Build flexibility into your Employee Wellness Program.
Think ahead: what unexpected challenges might come up as you start your Employee Wellness Program? How could you adapt and change the Company Health Promotion Initiative to meet those challenges?
• Consider the “what if’s?”
• What if your classroom space is suddenly no longer available?
• What if you can’t hold the Health Fair in the usual place?
• Have a ‘Plan B’ (or even Plan C or Plan D) in mind for when the “what if’s” happen.
• Build a team that can help with the Company Health Promotion Initiative
• Who else could teach the health education class if the regular instructor cancels at the last minute?
• Know what areas of expertise your staff has besides their ‘main’ job. For example, find out who has excercise instructor credentials besides just the physical therapist.
• Don’t wait for a crisis before you build a network of employees that you can call on.
• Be ready to roll your sleeves up
• Jump in to fill a gap if you need to.
• YOU may have to help restock the milk case in the dining center when the Dairy Month ‘Milk Mustache’ contest results in raised sales during lunch.
• Be willing (and ready) to respond to feedback about the Company Health Promotion Initiative
• Get participant feedback while the Company Health Promotion Initiative is ongoing. Then be ready to adapt to those suggestions.
• For example, if kids in a pediatric obesity Company Health Promotion Initiative fight the idea of completing exercise logs, then get a verbal summary of their activity for the week instead.
• Simplify Company Health Promotion Initiative
• If part of your Company Health Promotion Initiative is not working, try making that part less complicated.

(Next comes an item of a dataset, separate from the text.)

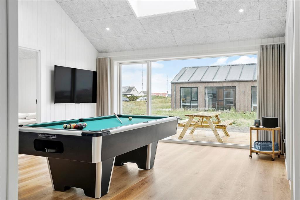 Når du træder indenfor i sommerhuset på Crownvej 14 D, bliver du mødt af en elegant og indbydende indretning med lækre kvalitetsmaterialer og sans for detaljen. Huset har en skøn opholdsafdeling, hvor stue og køkken ligger i åben forbindelse, så alle naturligt kan samles til fælles madlavning og hyggeligt samvær. Når der skal slappes af, byder saunaen på varme og velvære – og det med udsigt til terrassen, så du stadig føler dig tæt på det liv, der leves udenfor. For de mere konkurrencelystne er der mulighed for mange timers sjov i aktivitetsrummet, hvor et poolbord står klar til små turneringer og gode grin. Alt i alt et perfekt sted til ferie med både familie og venner, hvor alle kan finde plads og ro til netop deres ferieform.

• For example, if getting follow-up information is not going the way you planned, then make the process to get information easier OR decrease the number of pieces of information that you collect.
• Use lemons to make lemonade
• What do you do when the Company Health Promotion Initiative doesn’t turn out exactly as you planned? Look for what did turn out. Often, the ‘unexpected outcomes’ produce positive results.
• For example, one company’s database to collect sick call data was made obsolete by a regional system. However, the company database was able to be used in a different way to track vaccination information that improved delivery of care to Employees.